What is rare is a liberal who doesn’t think his liberalism is in itself sufficient proof that his heart is in the right place, even when he’s supporting late-term abortion: the liberal position is by definition the “compassionate” position.

[Breaker quote: How 
much coercion is 'enough'?]Sometimes ideas that have no logical relation to each other become associated in people’s minds for accidental reasons of history. Because of our Civil War, most Americans probably think secession and slavery have some intrinsic connection. They don’t. Some people who favored the Confederate cause (such as the English historian Lord Acton, if memory serves) thought slavery was an evil. Some Southerners who believed in slavery opposed secession. A few decades earlier, some Northern abolitionists wanted their states to secede rather than remain in an unholy Union with slave states. You can have one — slavery or secession — without the other. Why not?

In the same way, liberalism and compassion have become illogically associated. It’s natural for liberals to encourage this confusion, and Bush himself may be confirming it by suggesting that there is some sort of tension, if not opposition, between conservatism and compassion. But reason says otherwise.

Government is organized force. Every law is a limitation on liberty. Those who favor the expansion and centralization of the powers of government — liberals, in short — are advocating an increase in the proportion between compulsory action and free action in society.

Why is that more “compassionate” than favoring more freedom and less compulsion? One might think that a really compassionate man would want people to be as free as possible and therefore to minimize the role of government in our lives. It seems fraudulent, and even cruel, to demand less freedom while accusing those who want more freedom of being hard-hearted.

It would be different if liberals would honestly define their dreams. At what point would they agree that government had reached its ideal size and scope, beyond which it would become tyranny? They never say. No matter how much the state expands, they want it to have still more power. There is no stopping point. Even if the federal government were twice as enormous as it is now, they would find more things for it to do, new areas of life where it should dominate and coerce us. If they always got their way, there would be no freedom left.
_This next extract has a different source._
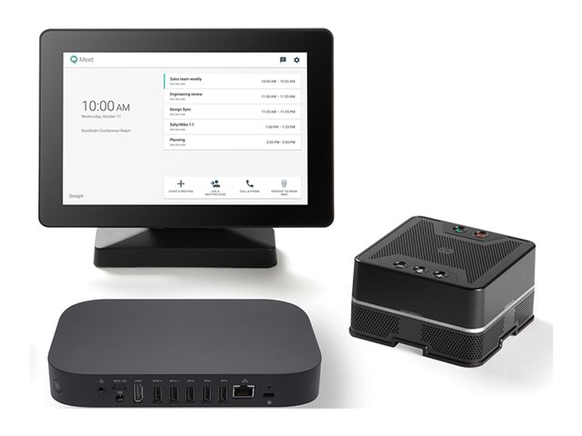 ASUS Google Meet hardware kit est la solution de vidéoconférences HD intuitive qui va vous épater. Le kit inclut un puissant mini-ordinateur équipé d'un processeur Intel Core i7 ainsi que d'une caméra 4K UHD avec grand angle de 120 ° et une technologie ajustant automatiquement le niveau de zoom et le cadrage en fonction du nombre de participants. Il comprend également un écran tactile de contrôle et un microphone/haut-parleur combiné qui inclut des technologies de réduction des échos et nuisances sonores pour vous offrir une qualité audio inégalée. Des microphones/haut-parleurs supplémentaires peuvent être répartis à travers la salle pour que tous les participants puissent parfaitement entendre et se faire entendre. Le kit ASUS Google Meet Hardware s'adapte idéalement à tout environnement professionnel moderne car il améliore le travail d'équipe grâce à une collaboration instantanée entre chacun.

In fairness I should add that some conservatives are the same way about military power, which they choose to call defense, no matter how wildly it exceeds our real defensive needs. They want the U.S. armed forces to spread across the globe, and they never think there can be too much. No country has ever had such hegemony as ours now has; but they keep warning that we are too weak to contain hypothetical dangers. If such people aren’t satisfied by now, they’ll never be content.

If not a utopia or an ideal, you should have at least a reasonable model or optimum, at which you can say “enough.” A few years ago Bill Clinton proclaimed the end of “the era of big government”; but, true to form, he has since resumed trying to expand the scope of government — that is, coercion by law. Every benefit to one citizen (or to “our children,” as Clinton so compassionately prefers to put it) must be paid for by another, and he has to be forced to pay. By refusing to countenance tax cuts, Clinton says he thinks we haven’t yet passed the stopping point.

Being liberal means never having to acknowledge limits. You just have to keep saying your motives are higher than your opponents’.